One such tool is Dynamic Stability Assessment (DSA), which is concerned with the quantitative/qualitative characterization of the ability of the system to retain a state of operating equilibrium after being subjected to severe disturbances. In such transient events examined during DSA studies, the behavior of the system is described by complex, highly non-linear differential-algebraic equations (DAEs), which are handled by specific solvers known as time-domain (TD) engines. The bottleneck of traditional software-onlybased solutions lies in the computational complexity of the TD simulation.

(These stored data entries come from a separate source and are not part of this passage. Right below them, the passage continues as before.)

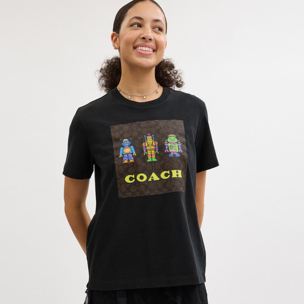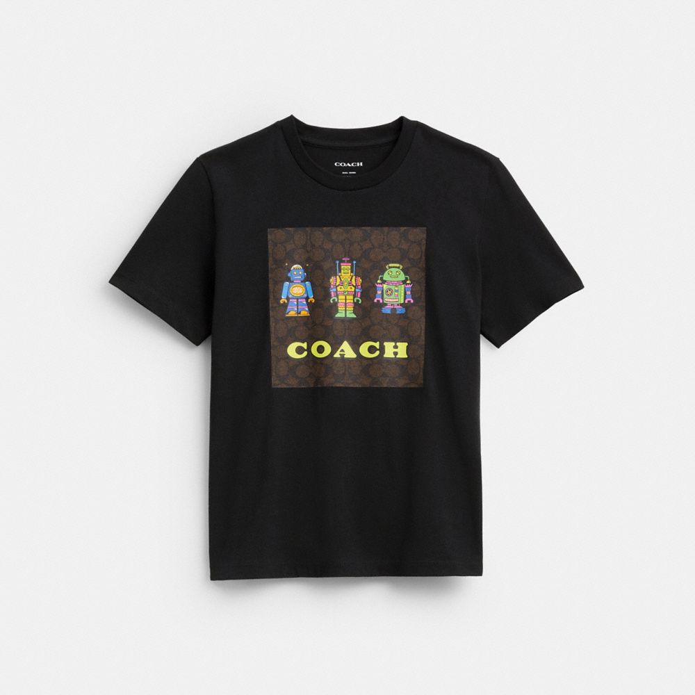 COACH FACTORY OUTLET PRICE CHART - CX184 - COSMIC COACH ROBOT PRINT SIGNATURE SQUARE T SHIRT IN ORGANIC COTTON - BLACK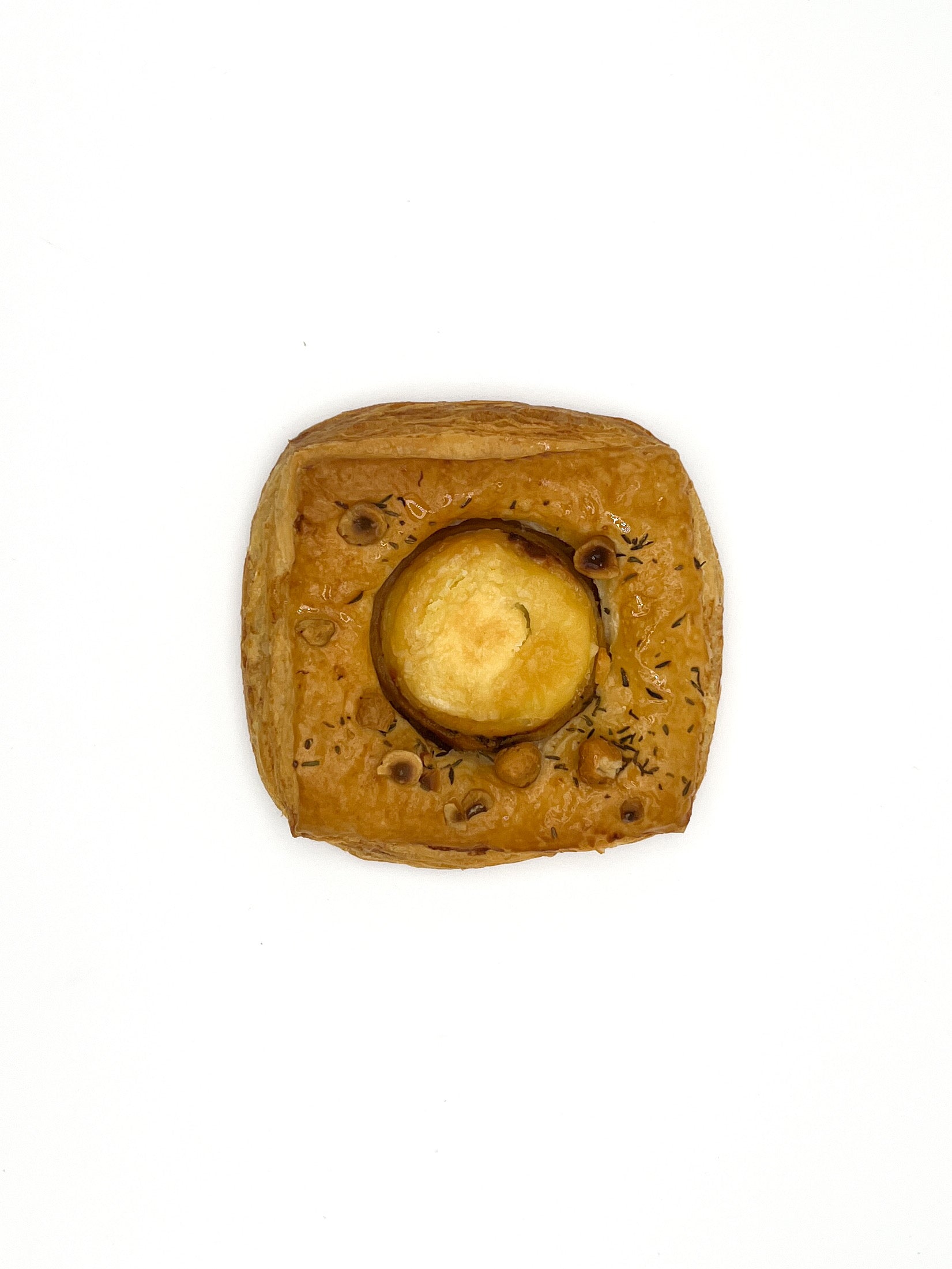 Viennoiseries salée très gourmande composée de pâte à croissant, pomme rôtie au four, crottin de Chavignol, noisettes torréfiées, miel et thym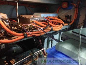 遠(yuǎn)離干擾源是最簡單的抗干擾方法,如果CAN線與強(qiáng)電干擾源遠(yuǎn)離0.5米,干擾就基本影響不到了。可是在實(shí)際布線中,經(jīng)常遇到空間太小而不得不和強(qiáng)電混在一起,如圖12所示,為某新能源汽車的驅(qū)動系統(tǒng),CAN線與驅(qū)動線混在一起,結(jié)果導(dǎo)致干擾很大。只要與CAN并行的驅(qū)動線,具備2A/秒的電流變化,就會耦合出強(qiáng)磁場而導(dǎo)致CAN線上出現(xiàn)干擾脈沖。所以CAN線必須要和電流會劇烈變化的線纜遠(yuǎn)離。比如繼電器、電磁閥、逆變器、電機(jī)驅(qū)動線等。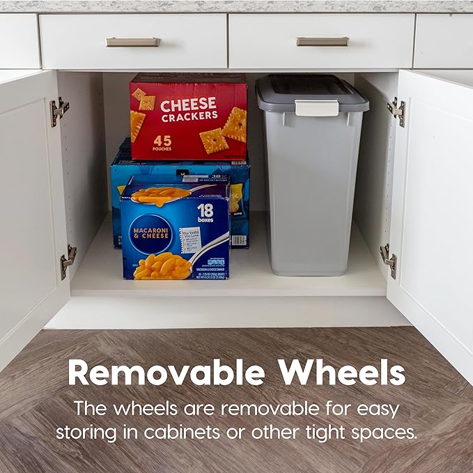 - EASY MOBILITY: Includes attachable wheels, allowing you to move the storage bin effortlessly. Place it on a shelf or roll it from the storage area to your pet's bowl for added convenience.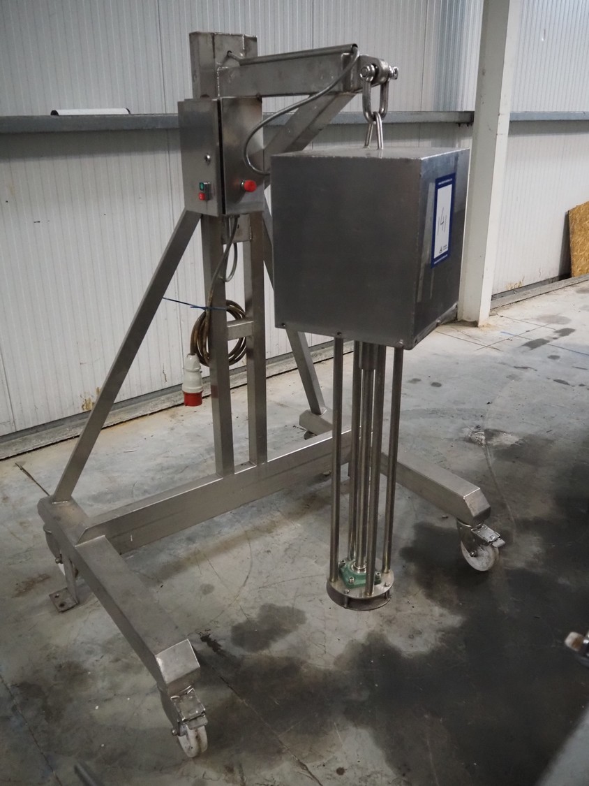 S/s trolley with mixing arm, length mixing arm: 900 mm, total dimensions: 1250 mm x 1300 mm x 1800 mm.
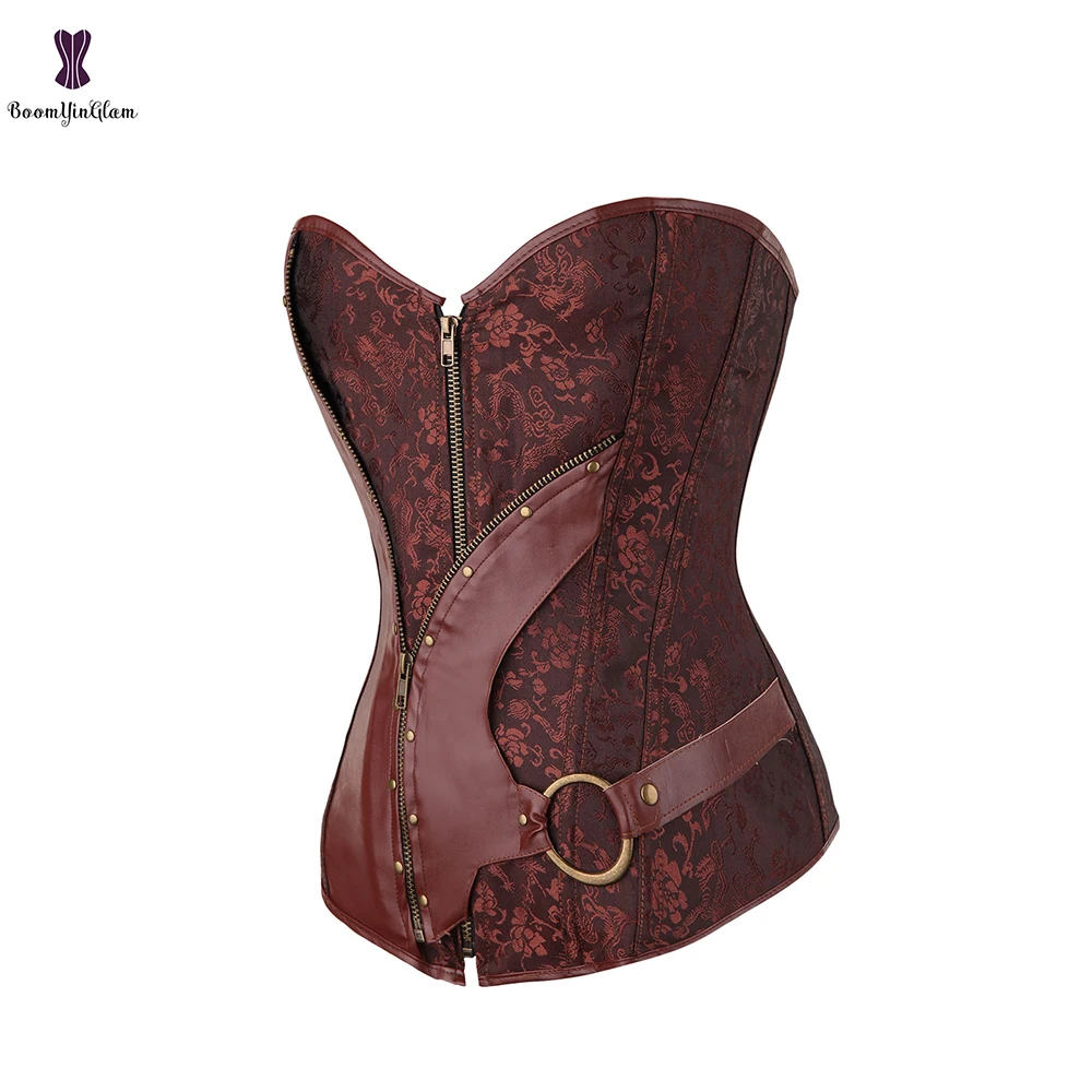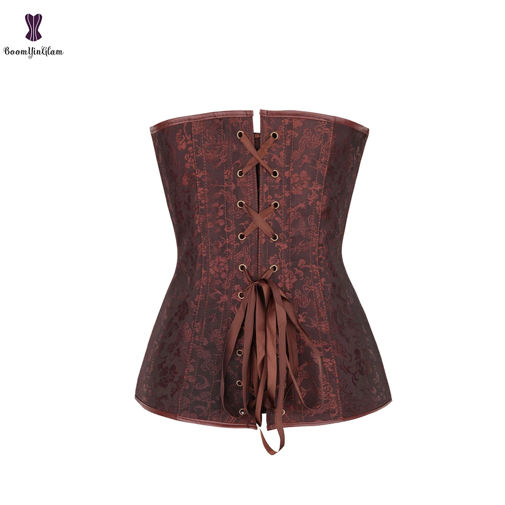 Женский Готический корсет в стиле стимпанк с завышенной талией, тренировочный корсет размера плюс коричневого цвета, готический корсет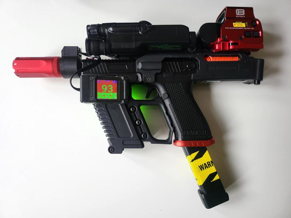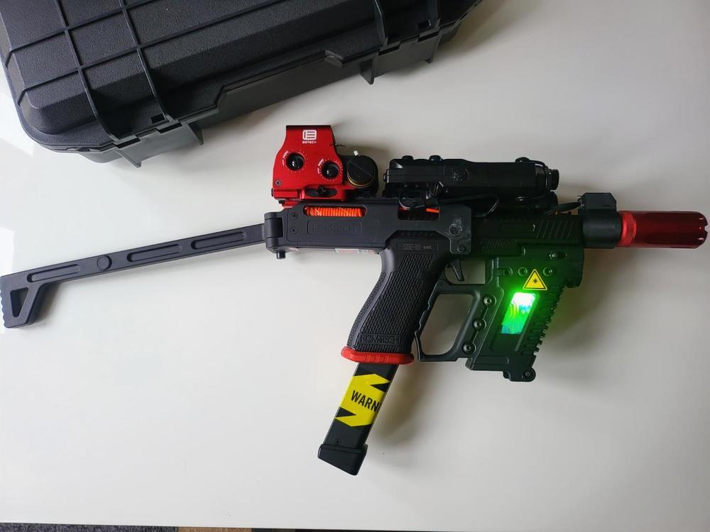 Hot off the back of my ghillie stuff, here's something completely different: The Arasaka JKE-X3 Akaoni Carbine Prototype. It's loosely based on the JKE-X2 Kenshin from Cyberpunk 2077 and was built to compliment my 'Cyber Ninja' loadout I've been using recently. Definitely not to everyone's taste, but it might float a boat or two. It features: Sound-activated electroluminescent wiring, multi-coloured LEDs in the grip, a sound+IR activated round counter, a muzzle flash tracer and few other nice touches. All-in, 6 different power sources ?. Built on the SSE18 platform.1 point -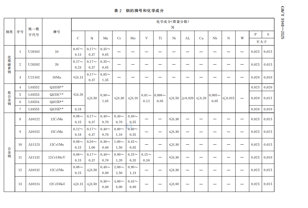 GB/T9948-2025无缝钢管化学成分: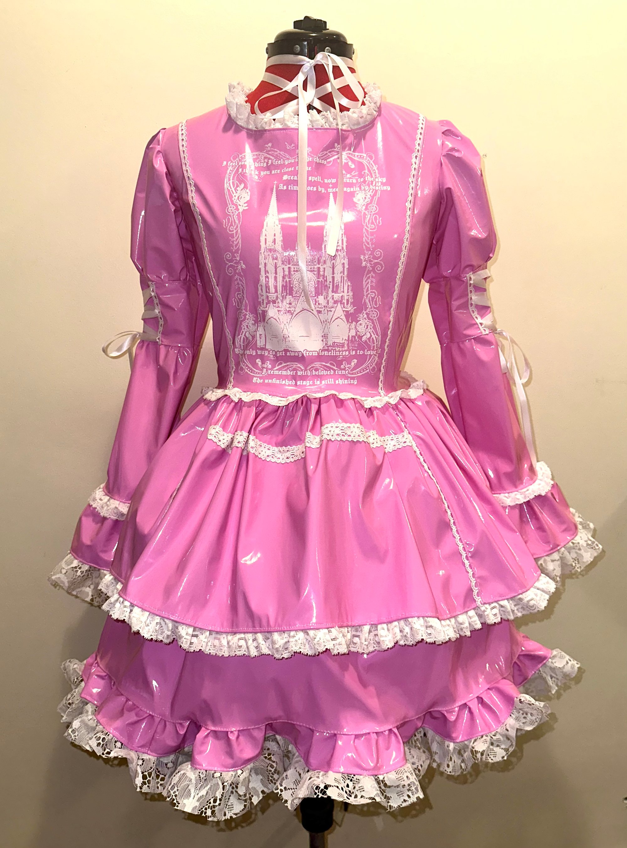 PVC “monophobia” print OP in a princess-style cut + matching headdress; perfect for a sweet lolita coord with a bit of a twist! includes back shirring + corset lacing, as well as corset lacing at the bicep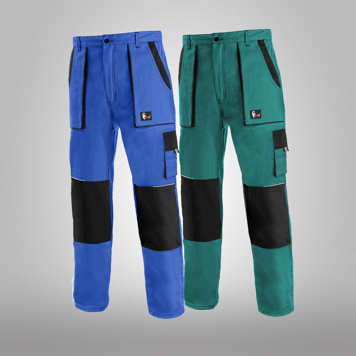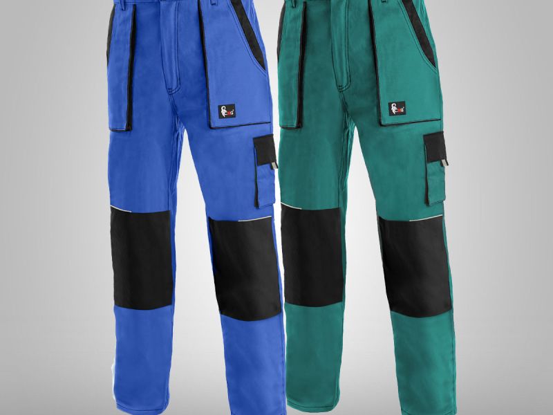Pánské kalhoty do pasu, zdvojená kolena, pevný pas vzadu do gumy s poutky na opasek, přední našité kapsy, boční kapsy na metr a na mobil.
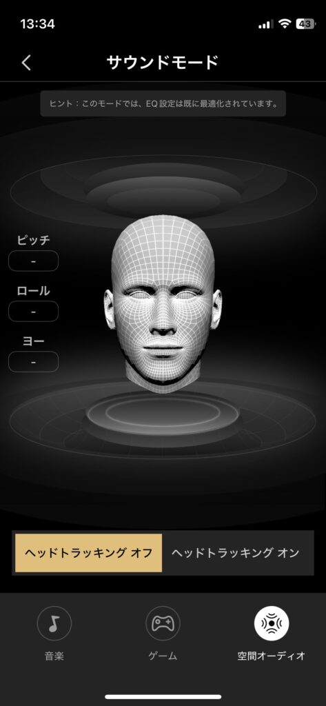立体感や音の位置感は標準的ですが、スマホアプリで空間オーディオモードを使うと音の方向はわかるようになります。ただ、奥行きの深さまではそこまで強く感じなかったのが正直な感想です。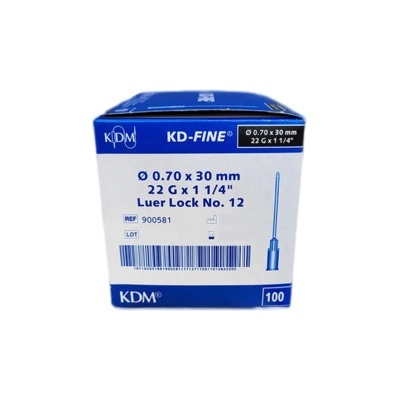 0,7 x 30, 22G 1 1/4" černá Injekční jehla KD-Fine 0,7 x 30, 22G 1 1/4" - černá sterilní, 100 ks v balení Značkové jednorázové injekční jehly z vysoce kvalitní oceli s ostrým...

This work proposes an alternative mixed-platform architecture. A software platform is responsible for peripheral tasks, and the TD simulation proper is handled by a dedicated hardware platform. Itself, the hardware uses a mixed-signal architecture: algebraic grid equations are solved on an analog resistor lattice, and differential nodal injection equations (generators, loads, etc.) are solved digitally on specially designed reconfigurable hardware. In this way the flexibility of software is combined with the high performance of dedicated hardware.
The rest of the paper is organized as follows. Section II gives the conceptual and theoretical background of the proposed framework. Section III presents the system that has been implemented in the Electronics Laboratory in EPFL. In section IV the application of the latter on a sample test case is showcased, and results are discussed. Finally, V concludes this paper, highlighting the prospect of the proposed architecture.
II. PROPOSED ARCHITECTURE
Recent trend in the operation of power systems is that emergency acting is gradually overtaking prevention because of the conservativeness and thereof incurred costs of the latter. Emergency acting suggests for the availability of online and real-time DSA analysis [3] . This requires a massive number of TD simulations to be solved in a small amount of time. It is this computational burden involved in full-system scale DSA that hinders the development of true online real-time implementations. It will be shown in section IV that the proposed architecture lifts the computational bottleneck and enables such approaches.
A. TD simulation fundamentals
The behavior of the power system is governed by a set of parametric differential-algebraic equations. The linear components of the system, such as transmission lines, transformers, and shunt capacitors, form the augmented transmission grid, in red in fig. 1 . Non-linear components of the system are nodal injections to the grid, shown in green in fig. 1 If the study is confined to electromechanical phenomena in the order of Hz, then the fast continuous dynamics of the system, such as electromagnetic phenomena with time constants in the order of milliseconds, can be neglected. Also, given that signals in power systems are periodical and mostly sinusoidal, the phasor representation is used. The system frequency is taken as a reference and signals are expressed as complex quantities in that frame of reference.
With this assumptions, simple algebraic equations can describe the behavior of the grid ܻ. The latter can be seen as a system where the inputs are complex nodal current injections ‫ܫ‬ and the outputs are nodal voltages magnitudes and angles ܸ.
The injections are coupled with the grid in the form of pairs of voltages ("input" to the injection) and current injections ("output" of the dynamic behavior of the injection). The behavior of injection ݅ is described by a set of state variables ‫ݔ‬ and instantaneous variables ‫ݕ‬ . The first are governed by differential and the latter by algebraic equations, both of which are parametrized by a parameter set ߣ .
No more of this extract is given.